There is an inescapable conclusion to be drawn from recent industry announcements:  Vendors have lost control of SDN and NFV, which means they’ve lost control of the evolution of networking.  Operators, in a state of self-described frustration with their vendors’ support for transformation goals, have taken matters into their own hands.  I’ve gotten emails over the last ten days from strategists and sales types in the vendor community, and they’re all asking the same question, which is “What now?”  It’s a good question in one sense, and it’s too late to ask it in another—or at least too late to have the full set of choices on the table.  But there are always paths forward, some better than others, so we need to look at them.

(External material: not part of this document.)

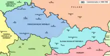 A modo de compromiso, el 29 de marzo de 1990 el Parlamento checoslovaco acordó que el nombre completo del país sería "República Federativa Checoslovaca", con lo que se reconocía explícitamente que era una federación. Este nombre se escribiría sin guion en checo (Československá federativní republika), y con guion en eslovaco (Česko-Slovenská federatívna republika)..[2][3] Una futura ley de símbolos nacionales debía formalizar la versión eslovaca del nombre.

In a prior blog I made the point that commoditization of connection services was inevitable, and that it was also inevitable that operators will spend less on capital equipment at L2/L3 than they have in the past.  Accepting this truth, I’ve said, is critical to vendors who have historically depended on these layers for their revenue and profits.

The up-front truth for this blog is that it is no longer possible for vendors to control the SDN and NFV revolution even if they were to step up now and do what should have been done all along.  I’ve noted what should have been done many times and in any case, it’s too late to do it.  Buyers have taken their own path now, and vendors need to fit into the operators’ programs and not try to define their own.  I’m not saying they don’t need to pay attention to the focus on opex, to the need to develop a holistic SDN/NFV business case, only that doing that won’t give them control of the game anymore.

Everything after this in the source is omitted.